The Genetic Benefits of Mating Outside Your (Group)

Painting of Charles V, Bernard van Orley (circa 1515–1516)

Science

Written by: m.wilson

When individuals tend to mate within a particular ‘group,’ it increases the likelihood that the recessive genes of the ‘founders’ will (activate) – interact with each other and develop within the couple’s offspring. The founder effect is enhanced when a fraction of that group changes locale, because the potential for these recessive genes meeting up increases. Basically, there is less competition in the area so these recessive genes are being hired for all the work…

“Where’s My Hasenpfeffer!”


Amish people, mostly residents of the Eastern Pennsylvanian region, are said to be in high demand for genetic study because of their intermarriage. Scientists find that the founder effect is very common within the Amish, (descendants of German immigrants), which causes abnormalities such as dwarfism and polydactyly – additional fingers and toes. So instead of the traits diminishing (‘My son John Doe happens to be short’), these genes increase in concentration; grabbing onto each other so they can make things happen.

‘Why doesn’t Harry marry royalty?’ says your auntie M. 

Royal intermarriage has been instrumental over the centuries in matters pertaining to inheritance, diplomacy, legal concerns, etc. (Wikipedia, 2019). Looking back at this history of the monarchy through the lens of science, often provides additional insight into the possible causes of some of their misfortunes and challenges. For example, scientists speculate that Henry Vlll may have suffered from McLeod Syndrome, a genetic disorder “caused by a variety of recessively inherited mutations.” McLeod is both mentally and physically debilitating, which they say, may have caused him to be more punitive towards his wives. However, it is considered a matter of fact that inbreeding caused the downfall of the Spanish Hapsburgs (1516-1700). During the 16-century Phillip ll, (a most regal member of the Spanish Hapsburg dynasty), was generally regarded as a “foreigner” during his marriage to Mary l Queen of England; despite the fact that she was actually his first cousin once removed, (her mother was Spain’s Catherine of Aragon). No children resulted from the marriage of Mary and Phillip ll. He would, however, continue reproducing in later marriages. On the other hand, during the 17th century Charles ll of Spain, the last of the Spanish Hapsburg males, whose inbreeding coefficient was higher than 0.20, was born an imbecile.
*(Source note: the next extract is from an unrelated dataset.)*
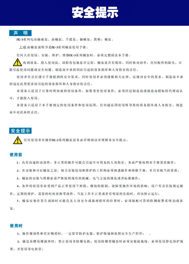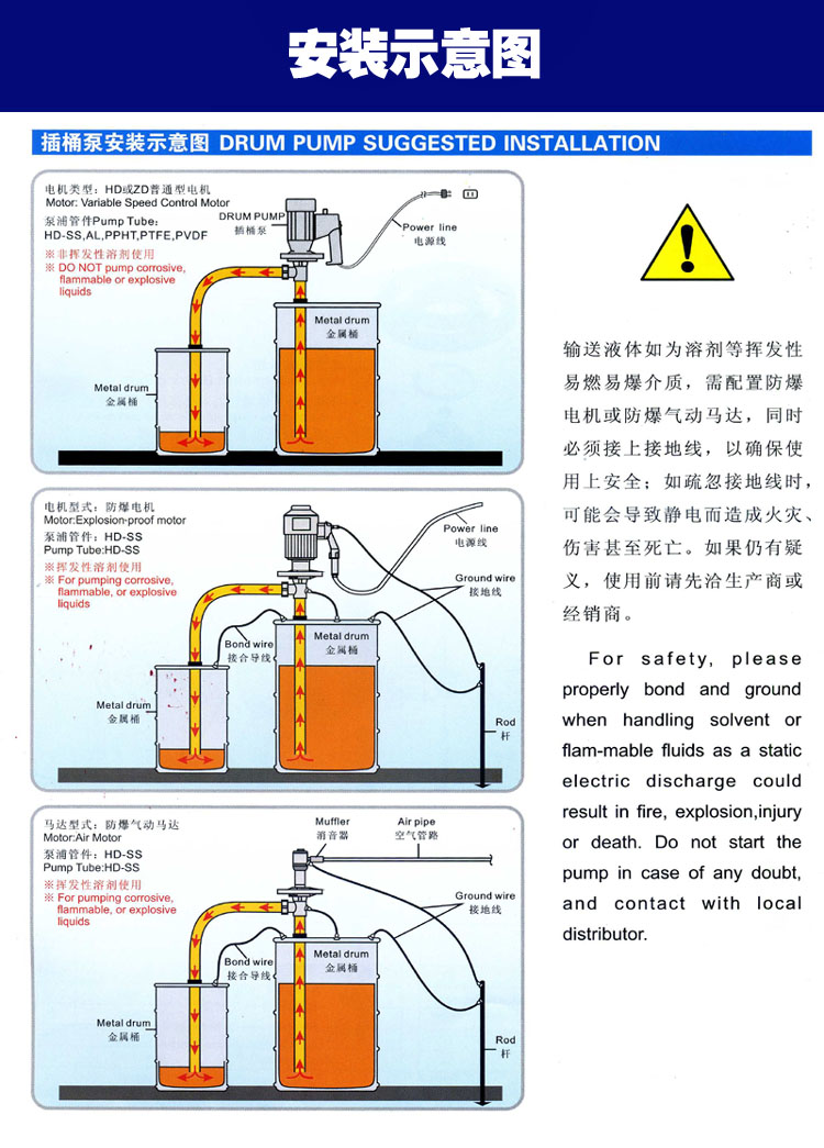 博生牌電動插桶泵(油桶泵)自主研制而成,各項技術指標均能達到樣機水平,并在樣機基礎上開發了不同使用場合不同抽吸液體的派生產品,該系列泵為輕便型管式軸流泵,具有效率高,使用、維護方便等特點。JK-3B-7RPP防爆型塑料油桶泵可以直接插入物料桶(大適用于符合GB/325-1991標準的鋼桶)中抽取桶中液體??奢斔透鞣N油料、帶腐蝕性化學藥水、其他液體。根據材質,電機不同,型號可分為: JK-3、JK-3B、JK-3-3、JK-3-7、JK-3-9、JK-3B-7系列(編號為SB-1,SB-1-1,SB-2,SB-2-1,SB-3,SB-4,SB-5,SB-6,SB-7,SB-8,SB-10系列)鋁合金,不銹鋼或防爆型。我們備有詳細資料,歡迎索取。博生該系列泵可按防爆區域和非防爆區域選用,凡在防爆區域使用配置防爆型電機,這類電機分三種機組型號,當使用條件含各種易燃易爆混合時,應選用高組級。

He had a misshapen head, could not walk properly, was impotent and sterile; and died young at the age of 39. Upon his death, the French Bourbon dynasty would claim power over Spain (Science Daily, 2009).

Charles ll’s inbreeding was the result of “repeated cousin marriage over several generations (Discover, 2009).” It is said that his upbringing only contributed to his mental retardation and hypersensitivity. His genetic disorders had to do with ‘recessive alleles at two unlinked loci: combined pituitary hormone deficiency and distal renal tubular acidosis…’ Needless to say, for some royal families, it could be a good idea to take a refreshing, genetic break from the group.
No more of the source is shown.